# What are your most missed shows/moments from "Toonami"?



## Doge (Aug 3, 2011)

I would have to say either Yu Yu Hakusho, DBZ, Kenshin, Batman(I think the older version was on it), Justice League, and a little bit of Naruto.

Toonami was THE reason I would watch TV at around 4-6pm on weekdays, or later on, on Saturday nights.  I had to get my fix of anime and decent programming.  Yu Yu Hakusho was probably my favorite show on there, although it was short (less than 100 episodes while Naruto is hovering around 400 in all).  

To be honest, I nearly cried when they said it was going off the air, that basicly meant that crappy reality shows, pathetic excuses for animation, and poor new-gen programming was to replace it, such as Chowder, Jimmy's head or whatever, and worst of all, Flapjack.   
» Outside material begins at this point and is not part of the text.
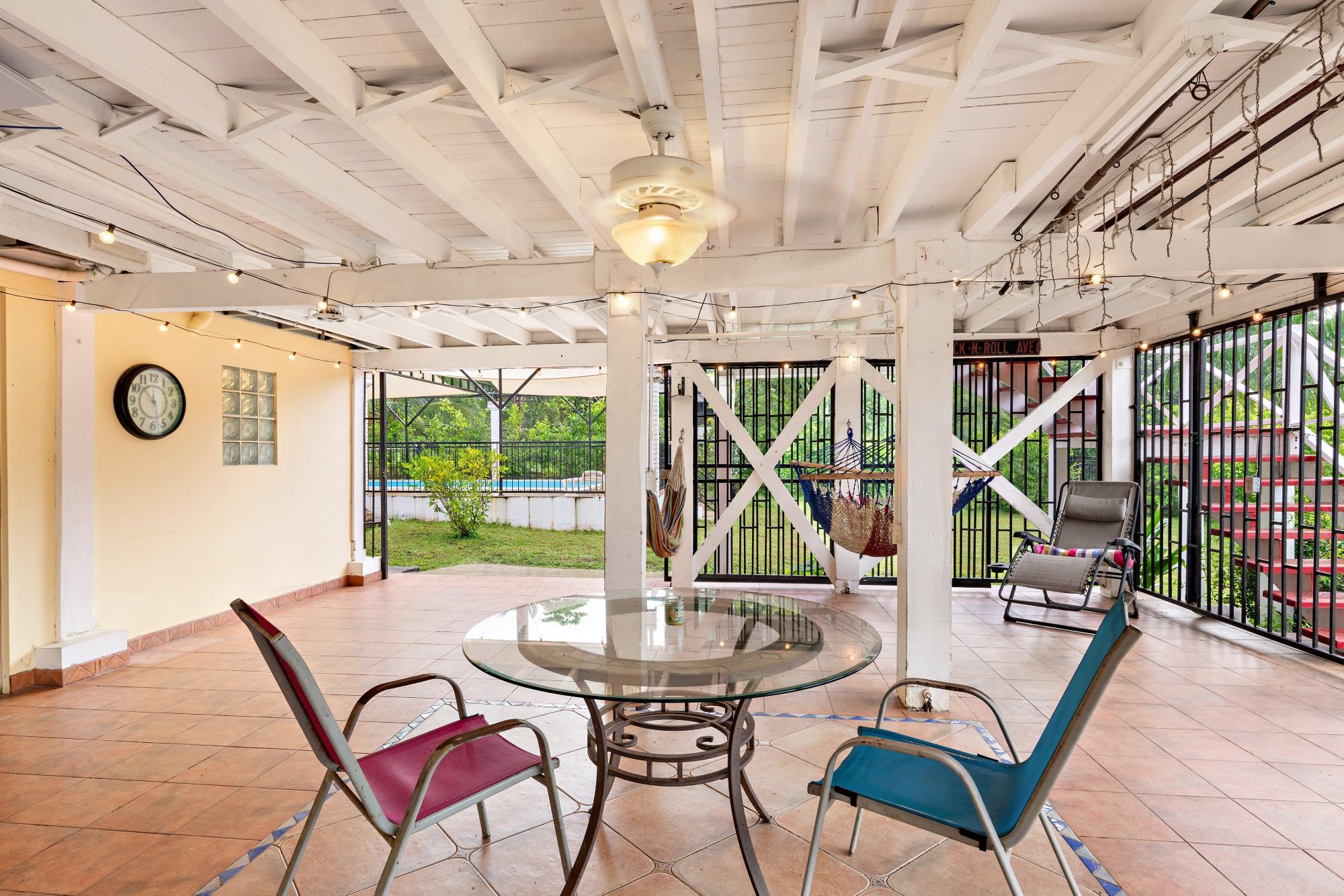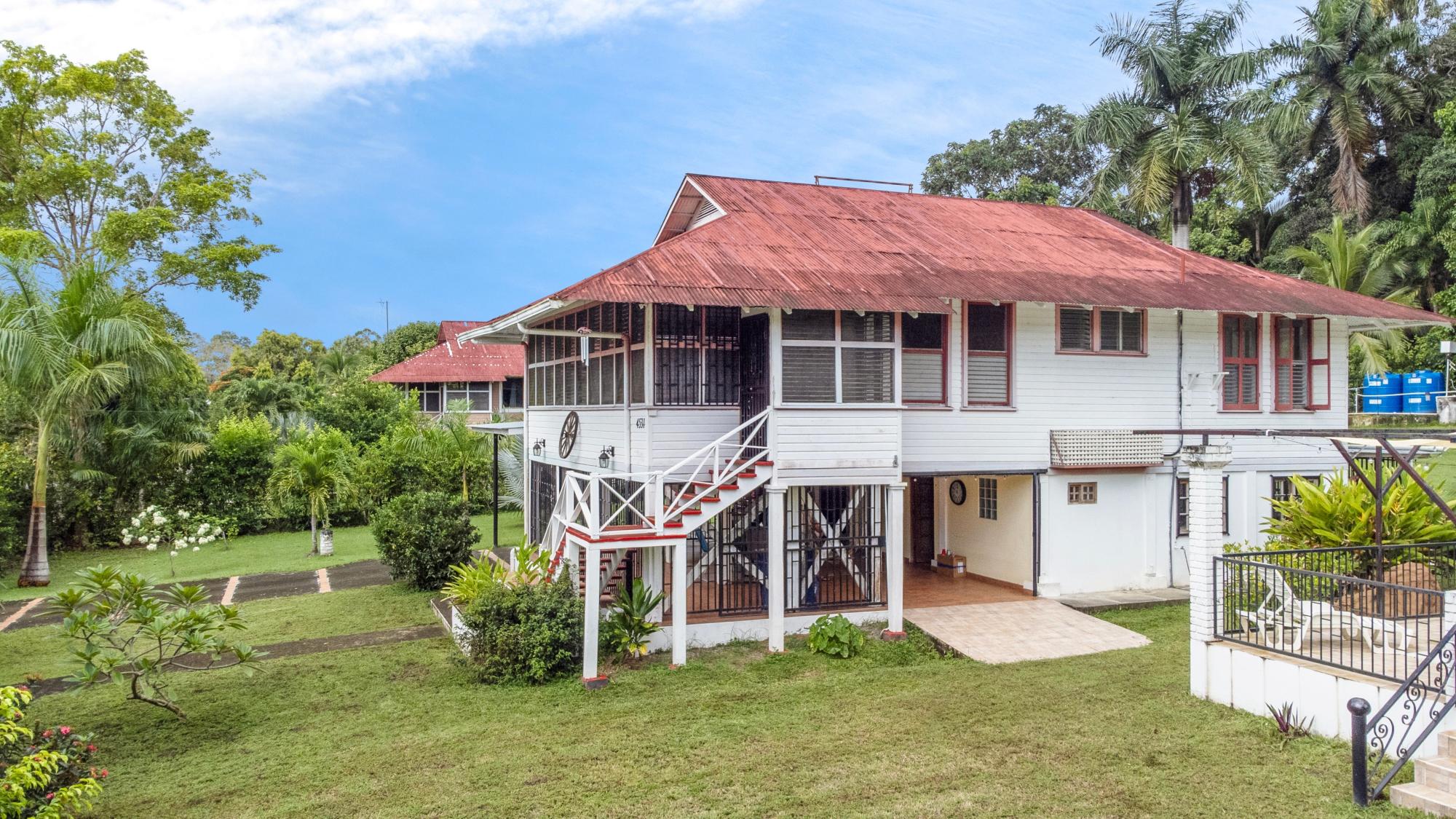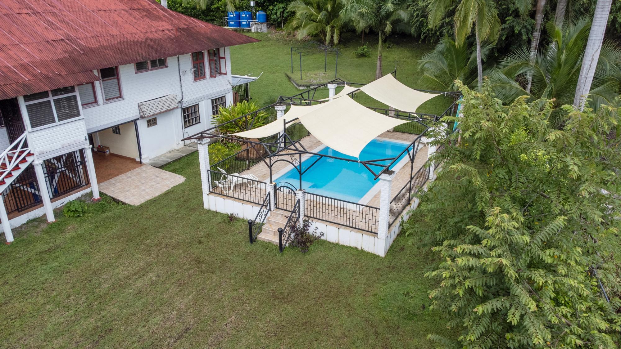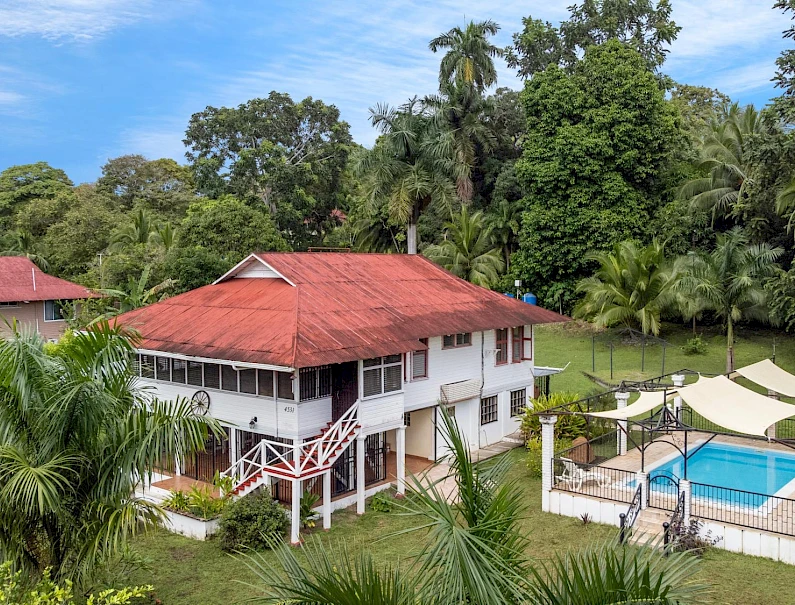 Here is a unique opportunity to own a historic Chiquita Banana Company executive home at an amazing price in the upscale neighborhood of Las Palmas, Puerto Armuelles, Panama It is only half a kilometer to downtown shopping and a 5 minute drive to the Pacific Ocean. Puerto Armuelles is a coastal town on the west end of Panama near the boarder of Costa Rica, known for its history as a banana port. It is a thriving town with new roads and a new hospital and major investment potential with a multi purpose port being built that is expected to generate thousands of jobs and attract investment in the region. This beautiful historic home sits on 2,800 m2 of titled landscaped and fenced property with electric gate entry and boasts a covered in-ground fiberglass swimming pool. It is nestled near a jungle eco reserve with many walking trails you can enjoy the sights and sounds of nature. The home has 3 bedrooms and 4 bathrooms with 908 m2 (2,980 sq ft) total covered living space. These executive homes are characterized by their classic colonial design built on silts to allow for airflow and avoid dampness with hardwood floors and ventilation for the tropics. Below the main living space is a secure Lanai great for gatherings, lavish parties or quiet afternoons swaying in a hammock amidst lush tropical surroundings. The home comes with 8 camera security system , fans throughout, a/c in the master bedroom, stainless steel appliances and 6,000 liter(1,585 gallons) ozone treated water tank system.Features

I nearly cried when I saw that Toonami was being cancelled.  Even my aunt's boyfriend who was about 30 at the time actually left dinner with everyone early to watch the Justice League.  

And the one thing I knew that had sealed the coffin of Toonami was......Naruto Fillers.  Even I quit watching it closely in it's final days, I'd even skip the Naruto block because of terrible stories (I quit when I saw a Shinobi prison and Tiger Mizuki).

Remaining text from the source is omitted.